## Aim of the task
Where the listing shows an image, skip it and output all other material unchanged.

Supplied entries: Begin

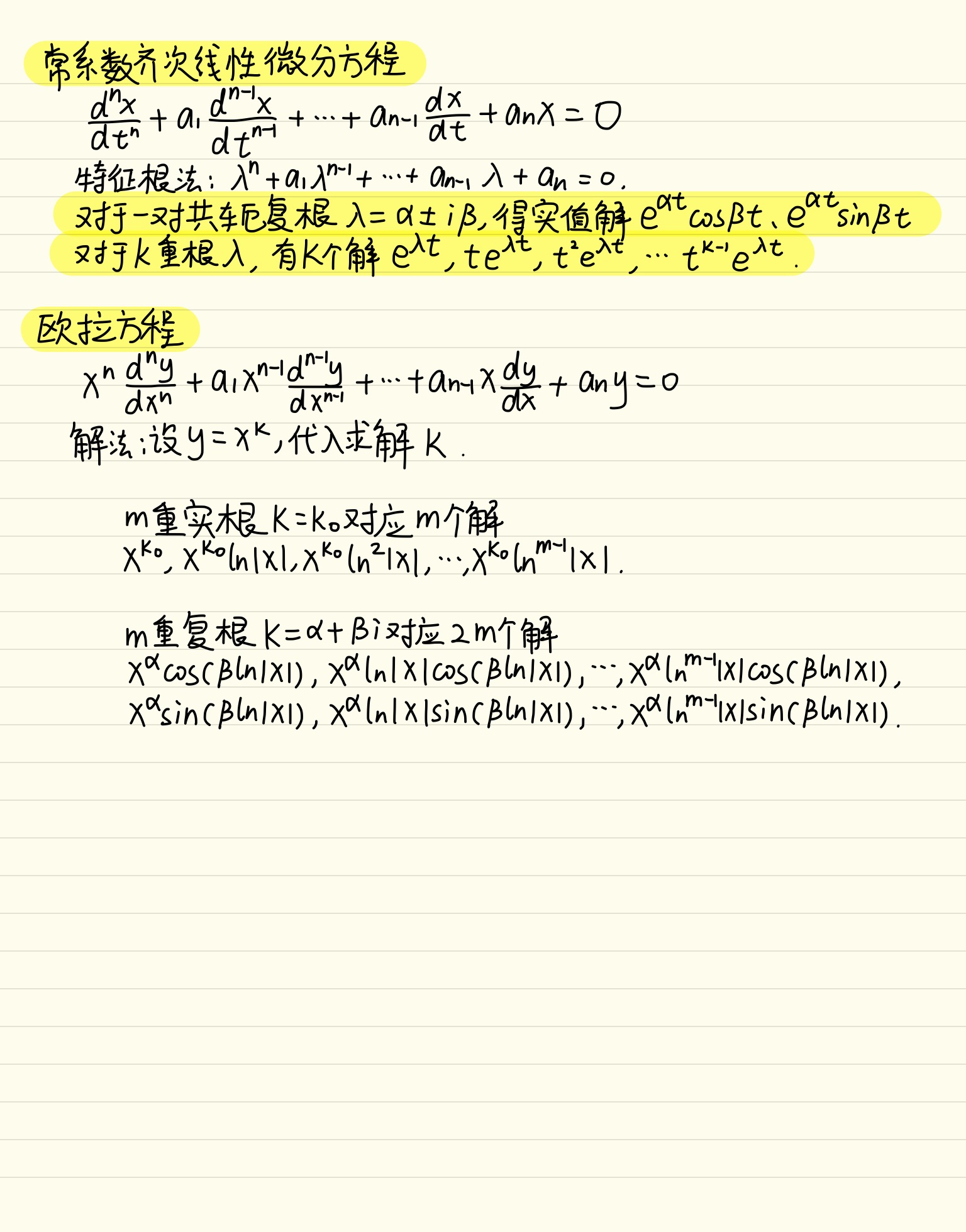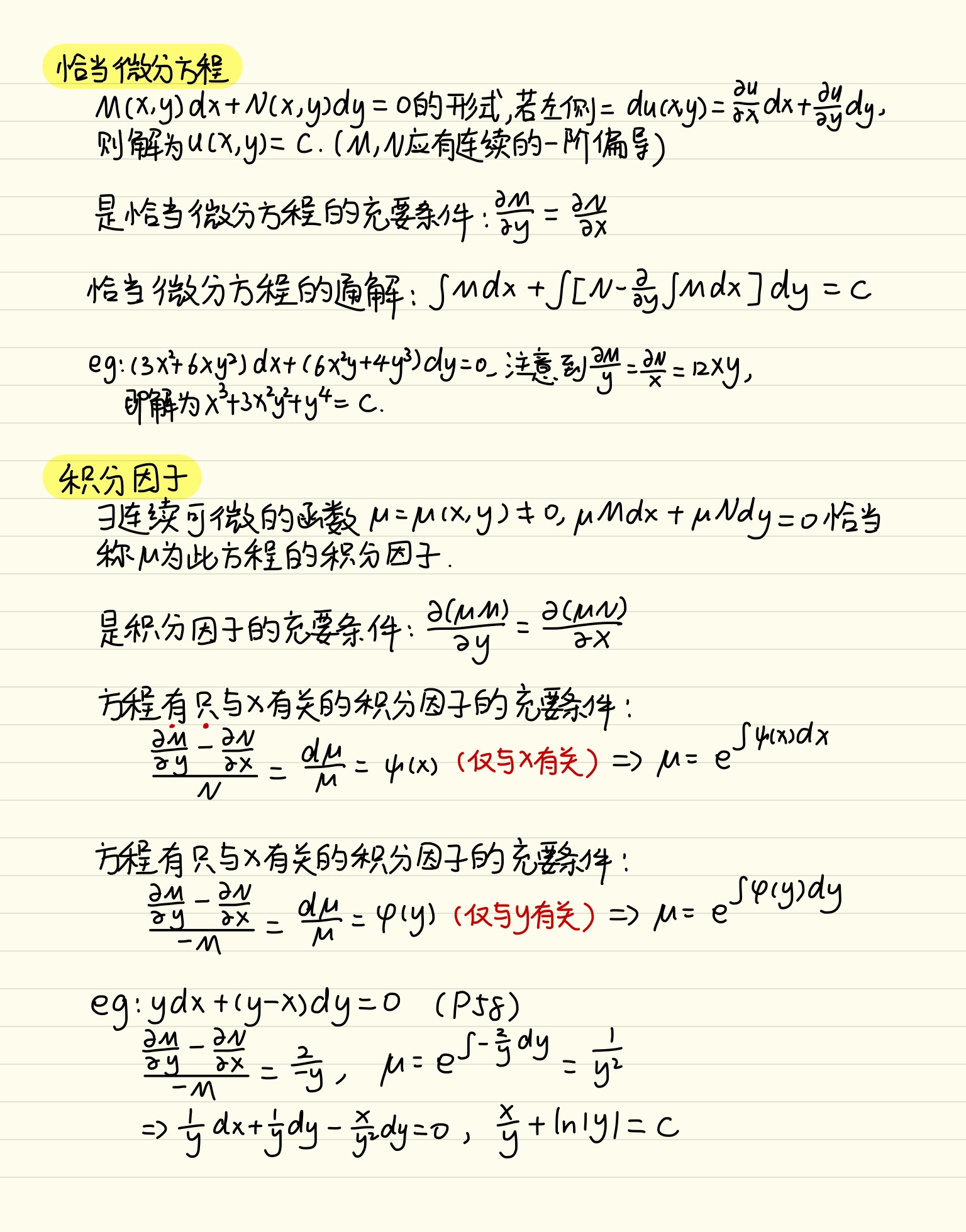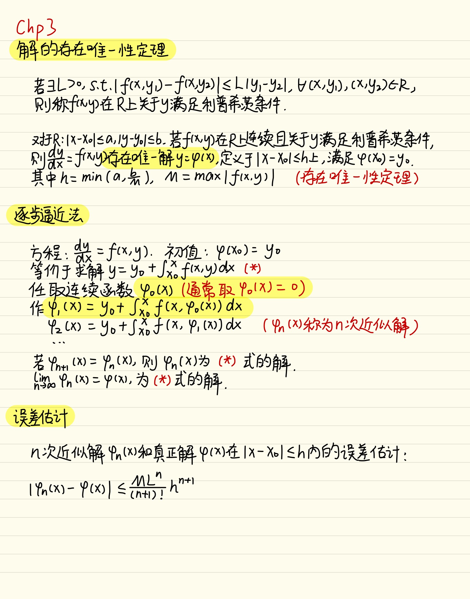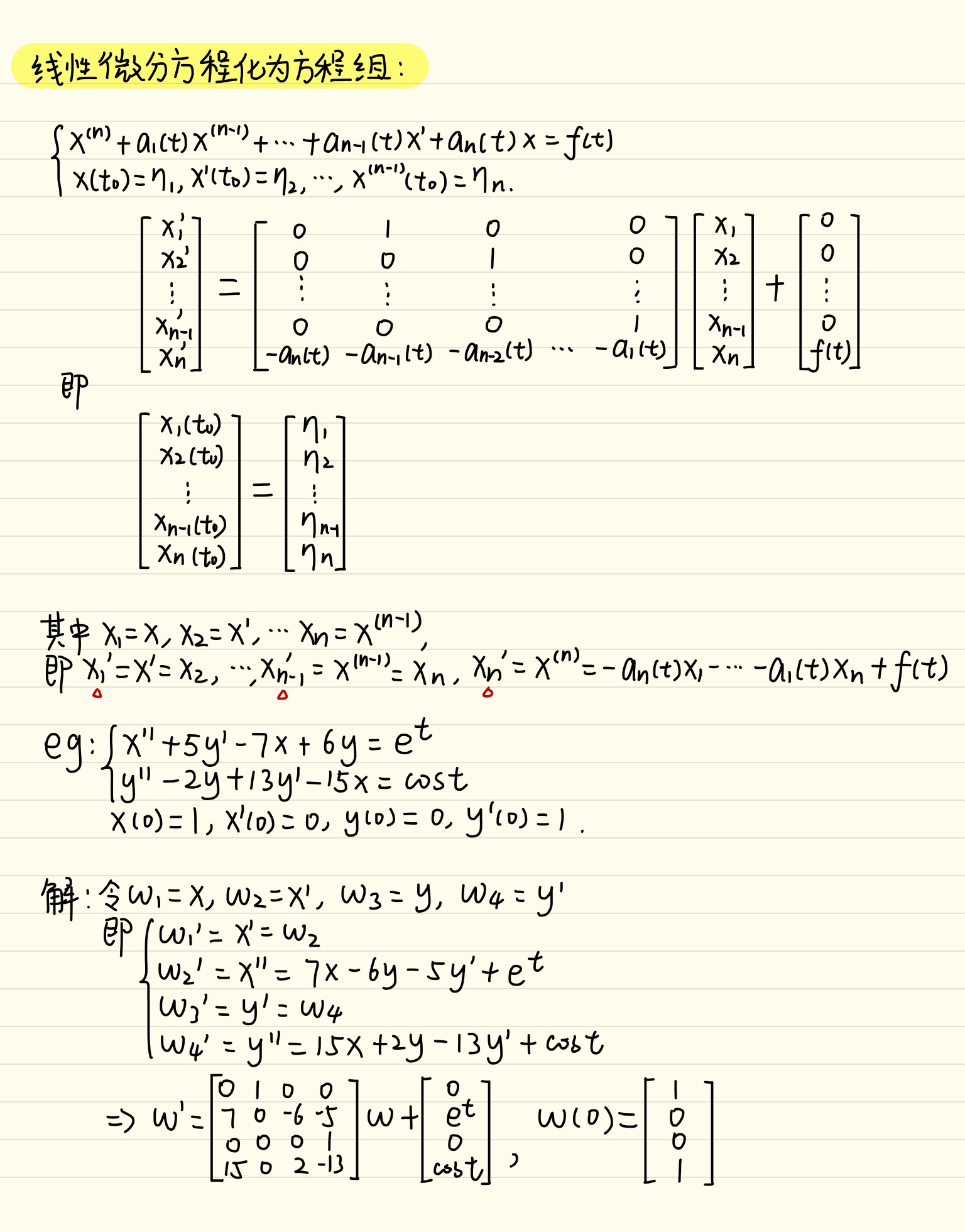 常微分方程笔记主要内容为一阶微分方程解的存在性与解法、高阶微分方程与线性微分方程组等内容。
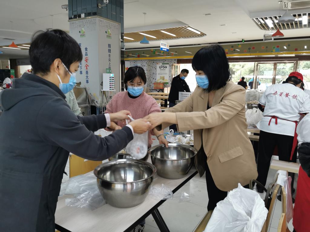 面对突如其来的疫情,同学们“足不出寝”,用餐需求尤为迫切。为满足大量的用餐送餐需求,学院领导和辅导员老师们亲自打包、配送盒饭,忙碌在配餐送餐、服务学生第一线,保障同学们的每一餐饭,甚至到凌晨依然在为同学们煮饭。一份份干净卫生、热气腾腾的盒饭,传达着学校浓浓的情和学院老师们满满的爱。
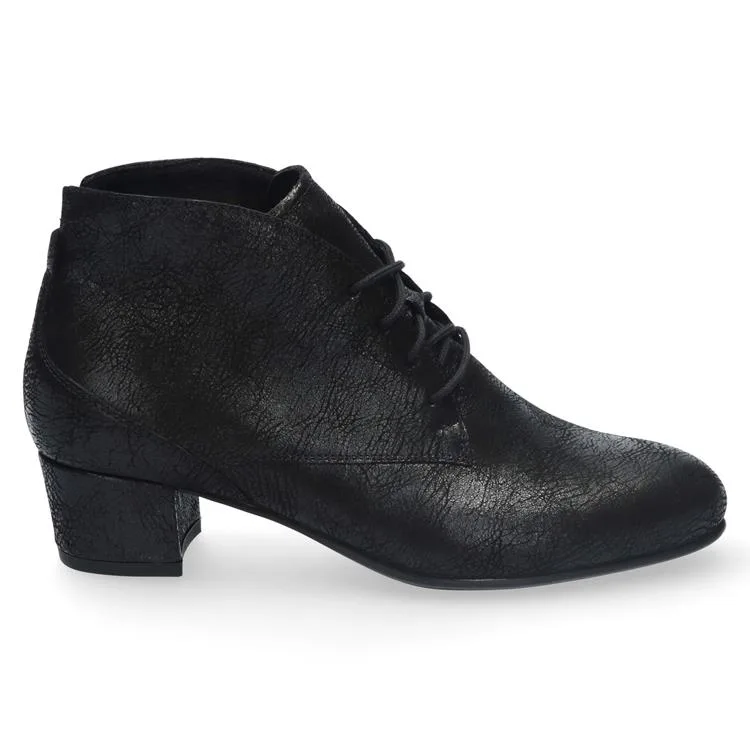 Deze veterlaarsjes zijn bijzonder multifunctioneel en op allerlei manieren te dragen: onder je favoriete rok en los breigoed, maar ook onder een jeans, simpele top en blazer. Alleen al daarom is dit model een goede investering in je garderobe. Het model blinkt uit in een even elegant als minimalistisch design. Bijzondere details zijn de afgeronde schacht, de gewaxte veters en de uitsparing in de vorm van een v’tje bij de hiel. Deze zorgt ervoor dat de voet aan de achterzijde wordt ontlast van drukpunten en geeft tegelijkertijd een nonchalante uitstraling. Het voorblad is verder geheel naadloos, waardoor dit model bijzonder geschikt is voor de gevoelige voet.De zool met beklede hak is zo ontworpen dat deze lichtgewicht is zonder in te boeten aan stevigheid. Ontwikkeld om jou comfort te bieden, combineert de flexibele, antislip loopzool bewegingsvrijheid en stabiliteit voor een ongeëvenaard loopgevoel.
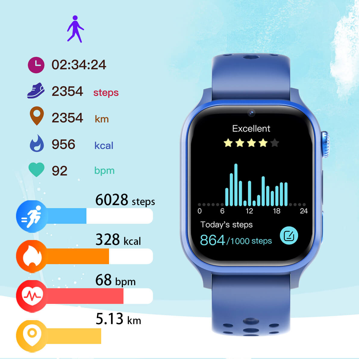Monitorização precisa da frequência cardíaca, oxigénio no sangue e sono, garantindo a saúde da criança
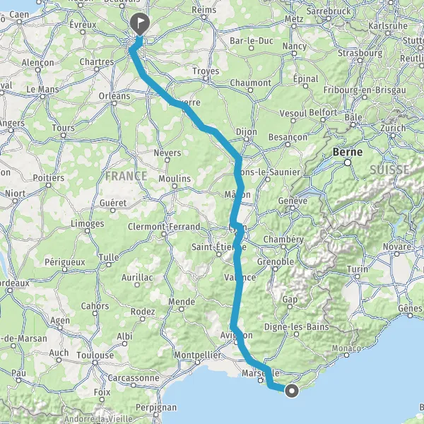 Prendre à droite et rejoindre A6. Continuer sur 294 kilomètres
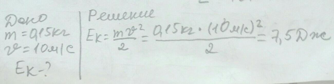 Определите кинетическую энергию шара массой 0,15 кг, катящегося по траве со скоростью 10 м/с.
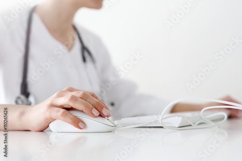 Gabinet lekarski, lekarz przy komputerze
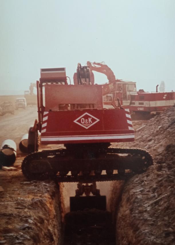Construcción de oleoducto por la loma,
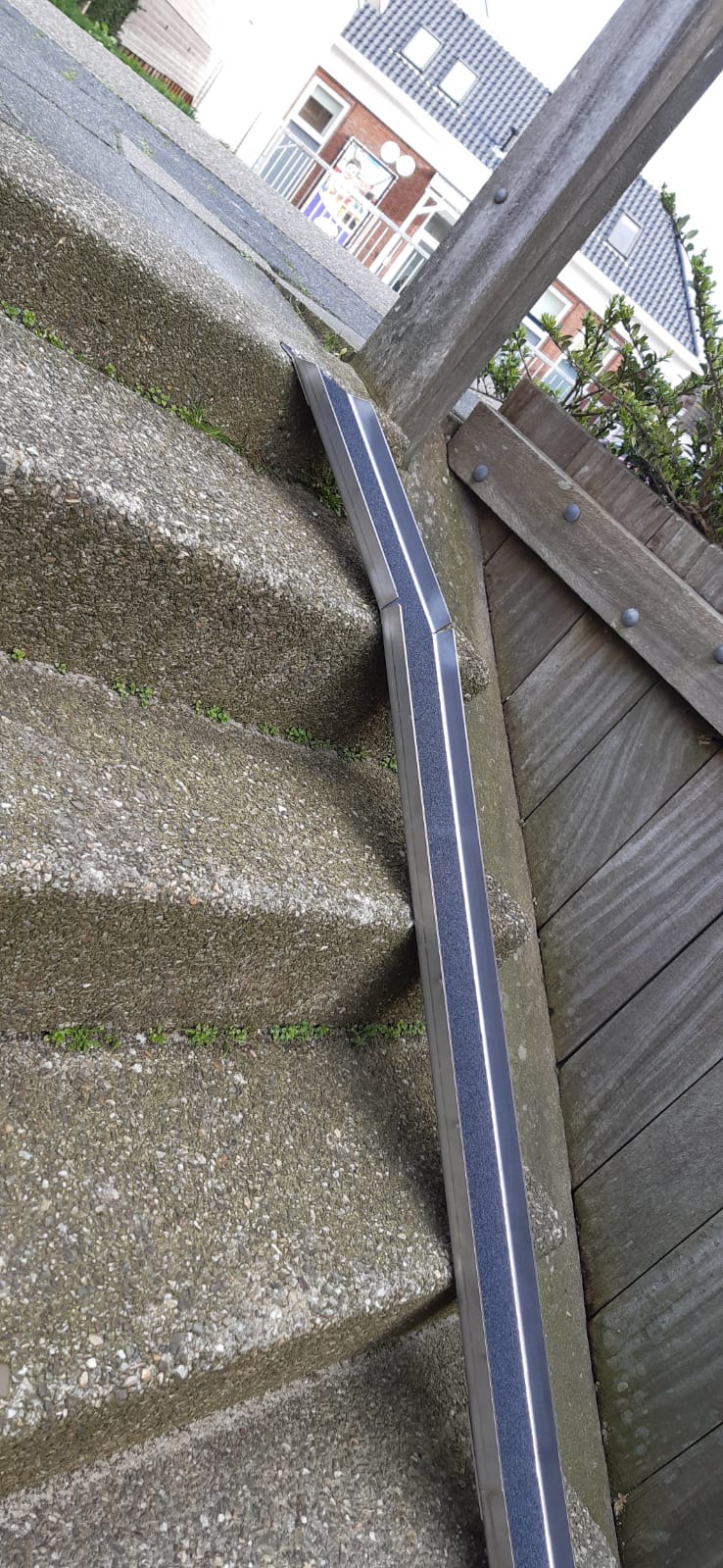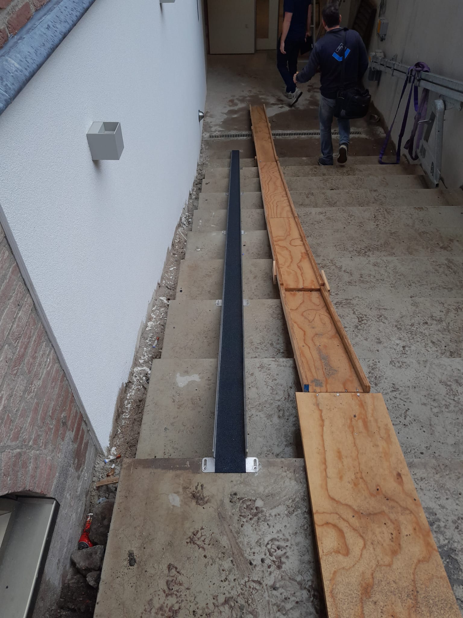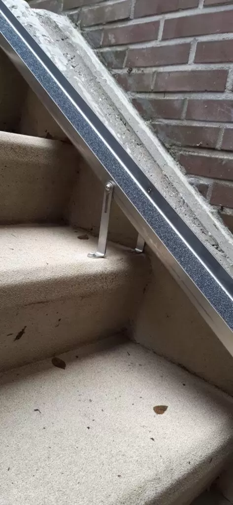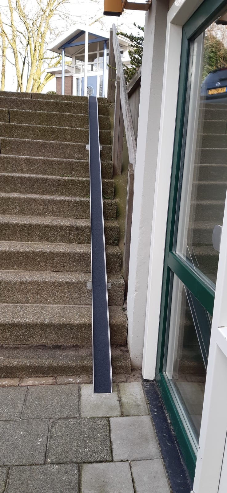 Die maximale Länge pro Klappmodul beträgt 2,98 Meter. Für längere Treppen können mehrere Module hintereinander montiert werden, um eine vollständige Lösung zu schaffen. Sowohl die Klappschiene als auch das Klemmmechanismus bestehen vollständig aus rostfreiem Stahl (RVS), was für ein robustes, wartungsarmes Design sorgt, das verschiedenen Wetterbedingungen und starker Nutzung standhält.

Supplied entries: End

## Problem solution
 常微分方程笔记主要内容为一阶微分方程解的存在性与解法、高阶微分方程与线性微分方程组等内容。
 面对突如其来的疫情,同学们“足不出寝”,用餐需求尤为迫切。为满足大量的用餐送餐需求,学院领导和辅导员老师们亲自打包、配送盒饭,忙碌在配餐送餐、服务学生第一线,保障同学们的每一餐饭,甚至到凌晨依然在为同学们煮饭。一份份干净卫生、热气腾腾的盒饭,传达着学校浓浓的情和学院老师们满满的爱。
 Deze veterlaarsjes zijn bijzonder multifunctioneel en op allerlei manieren te dragen: onder je favoriete rok en los breigoed, maar ook onder een jeans, simpele top en blazer. Alleen al daarom is dit model een goede investering in je garderobe. Het model blinkt uit in een even elegant als minimalistisch design. Bijzondere details zijn de afgeronde schacht, de gewaxte veters en de uitsparing in de vorm van een v’tje bij de hiel. Deze zorgt ervoor dat de voet aan de achterzijde wordt ontlast van drukpunten en geeft tegelijkertijd een nonchalante uitstraling. Het voorblad is verder geheel naadloos, waardoor dit model bijzonder geschikt is voor de gevoelige voet.De zool met beklede hak is zo ontworpen dat deze lichtgewicht is zonder in te boeten aan stevigheid. Ontwikkeld om jou comfort te bieden, combineert de flexibele, antislip loopzool bewegingsvrijheid en stabiliteit voor een ongeëvenaard loopgevoel.
Monitorização precisa da frequência cardíaca, oxigénio no sangue e sono, garantindo a saúde da criança
 Prendre à droite et rejoindre A6. Continuer sur 294 kilomètres
 Определите кинетическую энергию шара массой 0,15 кг, катящегося по траве со скоростью 10 м/с.
 Gabinet lekarski, lekarz przy komputerze
Construcción de oleoducto por la loma,
 Die maximale Länge pro Klappmodul beträgt 2,98 Meter. Für längere Treppen können mehrere Module hintereinander montiert werden, um eine vollständige Lösung zu schaffen. Sowohl die Klappschiene als auch das Klemmmechanismus bestehen vollständig aus rostfreiem Stahl (RVS), was für ein robustes, wartungsarmes Design sorgt, das verschiedenen Wetterbedingungen und starker Nutzung standhält.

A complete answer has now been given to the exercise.